Best place to buy contacts online for 2022

In recent years, it has been a struggle to raise enough money to even cover a six-month supply of my contact lenses. Many times I considered just wearing my glasses full time because spending a few hundred dollars was too rich for my bank account.

If you wear contact lenses, you know how expensive they can be, even with vision benefits. And if you buy them from your ophthalmologist or local optician, you’ll likely pay full retail value, which could set you back a few hundred dollars.

Fortunately, there are many online stores that offer every brand of contact lenses you can think of, often at discounted prices or with discounts to help you save some money. We’ve rounded up some of the best places to buy contacts online below. I wouldn’t say one of them is better than the other, but shopping around will help you get the most savings and find a store that will let you use your insurance to offset the cost.

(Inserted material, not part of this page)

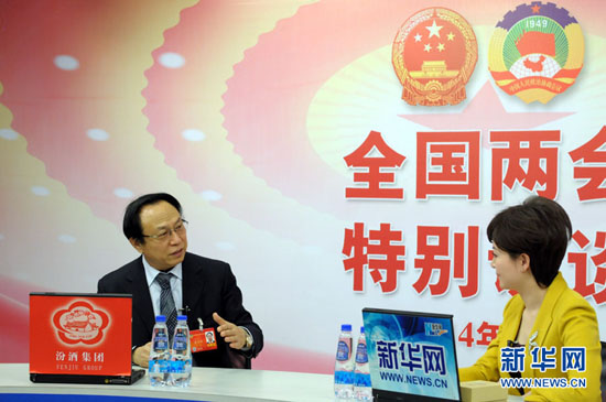 2014年3月9日,全国政协委员、石家庄以岭药业股份有限公司董事长吴以岭做客新华网2014全国两会特别访谈,就其创立的五位一体发展模式和如何发展大健康产业等议题与网友在线交流。新华网 贾振 摄

Keep in mind that before shopping, get an eye health and contact lens exam from your optician or optometrist. An eye doctor can help you determine the best prescription lenses for your specific needs, whether they are daily disposables, soft contact lenses, hard contact lenses, lenses for astigmatism, or multifocal lenses. All stores on this list require a valid vision prescription from an eye doctor to dispense your contact lenses, and they won’t ship your order without one.

So, ready to ditch the frames and dive in? Here you will find contacts for an affordable price.

Scout by Warby Parker

Not only does Warby Parker sell affordable and stylish eyewear, the company also sells contact lenses. You can choose from Scout, Warby Parker’s own contact lens brand, or get contact lenses from Acuvue, Biotrue, Air Optix, Dailies, and other major brands.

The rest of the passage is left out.